Landfilling waste is most often the economic solution for dealing with refuse, but thanks to diminishing capacities, permitting obstacles and increasing environmental legislation, the way waste has traditionally been handled is being rethought in some parts of the country.
Among the trends aimed at reducing the volume of materials headed to the landfill is organics collection. While a number of communities offer some type of organics collection program, it’s the city that pioneered collection on a large scale that recently got its version of a Hollywood close-up.
Kiss the Ground, which debuted on Netflix on Sept. 22, focuses on how more conscientious farming practices based on healthier soils can lead to atmospheric carbon sequestration that could reverse the effects of climate change.

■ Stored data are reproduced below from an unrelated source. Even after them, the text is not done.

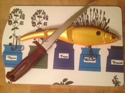 En helt fantastisk dag på sjön, så skoj att fiska med egna beten. Det vi lärt oss idag är för mig att sprayburksfärg tillsammans med sprayburkslack inte är det bästa, snarare tvärtom. Fick lacksläp direkt på ytbetet, och jerkbaitet skavdes av krokarna nästan direkt. Så torkhjul blir det så man kan epoxylacka betena inom en snar framtid, eller med LV1-lack som inte absolut behöver torkhjul.
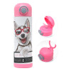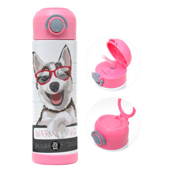 Warning, beware of Dog, Παιδικό παγούρι θερμό, ανοξείδωτο, με καλαμάκι ασφαλείας, ΡΟΖ (500ml)
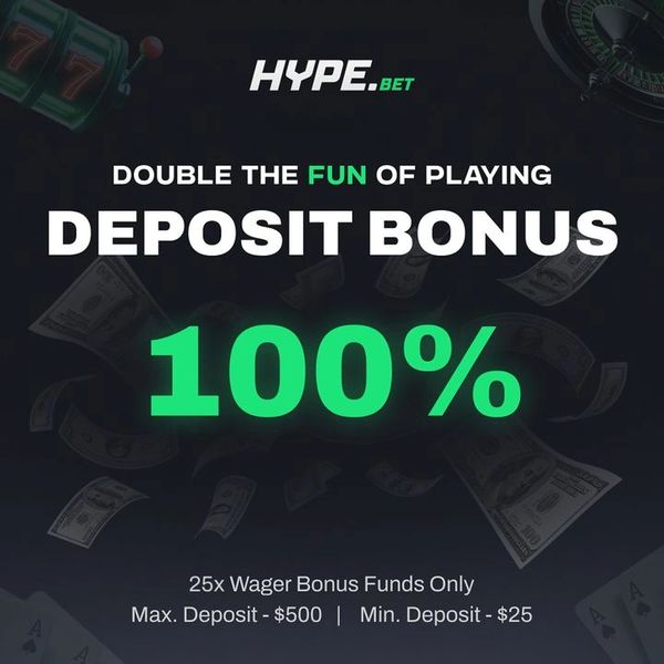 Deposit and Hype.bet doubles it (up to $500) with 25x wager – on your deposit only!

In the film, San Francisco’s universal organics recycling mandate is highlighted as a way to promote these healthier farms.
Recology, which is the waste management company in charge of collecting and composting these materials throughout San Francisco, manages 700 tons of food scraps and plant cuttings a day. While waste is often looked at as something to be discarded, Recology PR Manager Robert Reed discusses the value the compost has for the area’s producers. “This is the most important garbage there is because this is where the nutrients are, and this is where the carbon is [that farms need].”
Reed says that the citizens of San Francisco, who have been required to participate in the program since a mandate was put into effect in 2009, have embraced the feel-good benefits of repurposing their waste to help protect the environment and grow some of the crops they buy at their local farmers markets. And although many are no doubt participating because it is the right thing to do, the enforcement element helps ensure the program’s success.
“We incentive people to actually keep things out of the black [waste] bins. When you have nothing in the black bin, we don’t charge you,” California Gov. Gavin Newsom, who served as mayor of San Francisco from 2004 to 2011 during the program’s implementation, says in the documentary. “When you have a ton of stuff in the black bin, we charge you a lot. So, your goal is to get [your waste] in the green [organics] and blue [recycling] bins.”Newsom notes that the program has been a success not just from an environmental vantage point, but from an economical one as well.
“San Francisco became the most sustainable big city in the United States in just a few short years, and we grew our economy,” he says. “I think if San Francisco can prove an ideal, then that success can be replicated in other cities in other states and in countries around the world.”
California’s progressive leanings of course make it an obvious place for sustainable waste management practices to blossom, but as the program’s success shows, where there is political will, there’s a way.